Дибич тяжело дышал. До него только сейчас дошло, что убийца Анастасии не арестован и может продолжать убивать.
– Перестаньте ёрничать. Вы, что, думаете, что убийца – маньяк, и Елена... Елена погибла?
Нальянов зевнул.
– Отличительные свойства маньяка, дорогой Андрэ, – постоянство и неизменность. Но постоянство и неизменность проступают только со временем. Если убийца маньяк – это скоро выяснится. Девица могла и заблудиться. Валериан с Вельчевским сейчас взяли шляпку мадемуазель и поищут её с собаками.
Дибич едва сдерживал гнев.
– А вам, холодному идолу морали, это безразлично?
– Ну, почему? Это же я предложил взять собаку. Кстати, о расследовании убийства Шевандиной. Её, оказывается, выследила Ванда Галчинская, а Вашу записку Вельчевский обнаружил вложенной в дневник убитой. Он имеет образчик моего почерка и сильно интересовался вашим, потому что руку Деветилевича, Левашова, Харитонова, Гейзенберга и Осоргиных уже изучил.
Дибич побледнел и снова сел. Всё его бешенство погасло. Найти его почерк в бумагах министерства не составит труда, а как он объяснит подпись? Рассказать правду было немыслимо, но какие-то объяснения дать было необходимо. Андрей Данилович лихорадочно размышлял, забыв и об исчезновении Елены, однако, как назло, ничего в голову не приходило.

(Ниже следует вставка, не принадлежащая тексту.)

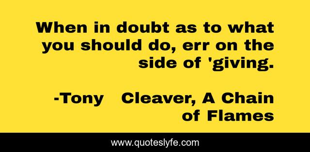 This page presents the quote "When in doubt as to what you should do, err on the side of 'giving.". Author of this quote is Tony Cleaver, A Chain of Flames. This quote is about giving, selflessness, service, charity,.

– Что же делать? – растерянно спросил он сам себя, но произнёс это вслух.
Нальянов вздохнул.
– Вы же не убивали Анастасию Шевандину, хоть и подставили её под ревнивую месть пятерых влюблённых дурочек, – невесело усмехнулся он. – Но факт остаётся фактом. После ночи с вами она была жива и здорова, а раз так...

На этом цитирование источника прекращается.